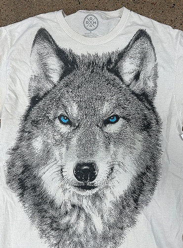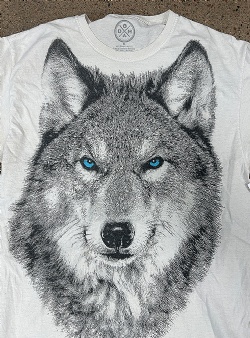 Blue eyed wolf tee. Ljus t-shirt med stor varg med drömmiga blå ögon.
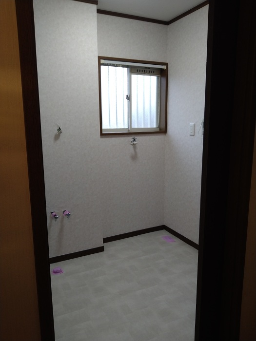 お風呂の設置が無事に終わり、いよいよ洗面所の内装リフォームです。
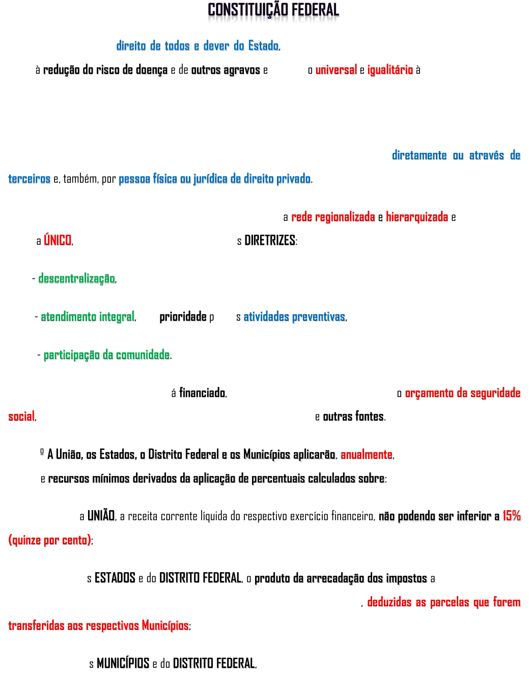 Art. 196. A saúde é , garantido mediante políticas sociais e econômicas que direito de todos e dever do Estado visem à e de e ao acesso redução do risco de doença outros agravos e às ações e serviços para universal igualitário sua promoção, proteção e recuperação. Art. 197. São de relevância pública as ações e serviços de saúde, cabendo ao Poder Público dispor, nos termos da lei, sobre sua regulamentação, fiscalização e controle, devendo sua execução ser feita diretamente ou através de e, também, por . terceiros pessoa física ou jurídica de direito privado Art. 198. As ações e serviços públicos de saúde integram uma rede regionalizada e e constituem um hierarquizada sistema , organizado de acordo com as seguintes ÚNICO : DIRETRIZES I - , com direção única em cada esfera de governo; descentralização II - , com atendimento integral para as prioridade , sem prejuízo dos serviços assistenciais; atividades preventivas III - . participação da comunidade § 1º. O sistema único de saúde será , nos termos do art. 195, com recursos do financiado orçamento da seguridade , da União, dos Estados, do Distrito Federal e dos Municípios, além de social . outras fontes § 2º , A União, os Estados, o Distrito Federal e os Municípios aplicarão , em ações e serviços públicos anualmente de saúde : recursos mínimos derivados da aplicação de percentuais calculados sobre I - no caso da , a receita corrente líquida do respectivo exercício financeiro, UNIÃO não podendo ser inferior a 15% ; (quinze por cento) II - no caso dos e do , o a que se refere o art. ESTADOS DISTRITO FEDERAL produto da arrecadação dos impostos 155 e dos recursos de que tratam os arts. 157 e 159, inciso I, alínea a, e inciso II, deduzidas as parcelas que forem ; transferidas aos respectivos Municípios III - no caso dos e do , o produto da arrecadação dos impostos a que se refere o art. MUNICÍPIOS DISTRITO FEDERAL 156 e dos recursos de que tratam os arts. 158 e 159, inciso I, alínea b e § 3º. § 3º Lei complementar, que será reavaliada pelo menos , estabelecerá: a cada cinco anos I - os percentuais de que tratam os incisos II e III do § 2º; II - os critérios de rateio dos recursos da União vinculados à saúde destinados aos Estados, ao Distrito Federal e aos Municípios, e dos Estados destinados a seus respectivos Municípios, objetivando a progressiva redução das disparidades regionais; III - as normas de fiscalização, avaliação e controle das despesas com saúde nas esferas federal, estadual, distrital e municipal; IV - (revogado) . (Redação dada pela Emenda Constitucional nº 86, de 2015) § 4º Os gestores locais do sistema único de saúde poderão admitir agentes comunitários de saúde e agentes de combate às endemias por meio de processo seletivo público, de acordo com a natureza e complexidade de suas atribuições e requisitos específicos para sua atuação. § 5º Lei federal disporá sobre o regime jurídico, o piso salarial profissional nacional, as diretrizes para os Planos de Carreira e a regulamentação das atividades de agente comunitário de saúde e agente de combate às endemias, competindo à União, nos termos da lei, prestar assistência financeira complementar aos Estados, ao Distrito Federal e aos Municípios, para o cumprimento do referido piso salarial. § 6º Além das hipóteses previstas no § 1º do art. 41 e no § 4º do art. 169 da Constituição Federal, o servidor que exerça funções equivalentes às de agente comunitário de saúde ou de agente de combate às endemias poderá perder o cargo em caso de descumprimento dos requisitos específicos, fixados em lei, para o seu exercício. Art. 199. A assistência à saúde . é livre à iniciativa privada § 1º - As instituições privadas poderão participar de forma do sistema único de saúde, segundo COMPLEMENTAR diretrizes deste, , tendo mediante contrato de direito público ou convênio as preferência e entidades filantrópicas as sem . fins lucrativos § 2º É a vedada destinação de recursos públicos para auxílios ou subvenções às instituições privadas com fins lucrativos. http://www.planalto.gov.br/ccivil_03/constituicao/Emendas/Emc/emc86.htm#art5 http://www.planalto.gov.br/ccivil_03/constituicao/Emendas/Emc/emc86.htm#art1 § 3º É a participação direta ou indireta de vedada empresas ou na assistência à saúde no capitais estrangeiros País, nos casos previstos em lei. salvo § 4º A lei disporá sobre as condições e os requisitos que facilitem a remoção de órgãos, tecidos e substâncias humanas para fins de transplante, pesquisa e tratamento, bem como a coleta, processamento e transfusão de sangue e seus derivados, sendo vedado . todo tipo de comercialização Art. 200. , além de outras atribuições, nos termos da lei: AO SISTEMA ÚNICO DE SAÚDE COMPETE I - controlar e fiscalizar procedimentos, produtos e substâncias de interesse para a saúde e participar da produção de medicamentos, equipamentos, imunobiológicos, hemoderivados e outros insumos; II - executar as ações de vigilância sanitária e epidemiológica, bem como as de saúde do trabalhador; III - ordenar a formação de recursos humanos na área de saúde; IV - participar da formulação da política e da execução das ações de saneamento básico; V - incrementar, em sua área de atuação, o desenvolvimento científico e tecnológico e a inovação; VI - fiscalizar e inspecionar alimentos, compreendido o controle de seu teor nutricional, bem como bebidas e águas para consumo humano; VII - participar do controle e fiscalização da produção, transporte, guarda e utilização de substâncias e produtos psicoativos, tóxicos e radioativos; VIII - colaborar na proteção do meio ambiente, nele compreendido o do trabalho. Dispõe sobre as condições para a e promoção, proteção da saúde, a e o recuperação organização funcionamento dos serviços c

Task requirements → The answer is to be the lines of the listing from the first through the one with "お風呂の設置が無事に終わり、いよいよ洗面所の内装リフォームです。", reproduced exactly, without any pictures.

Answer to this exercise →
 Blue eyed wolf tee. Ljus t-shirt med stor varg med drömmiga blå ögon.
 お風呂の設置が無事に終わり、いよいよ洗面所の内装リフォームです。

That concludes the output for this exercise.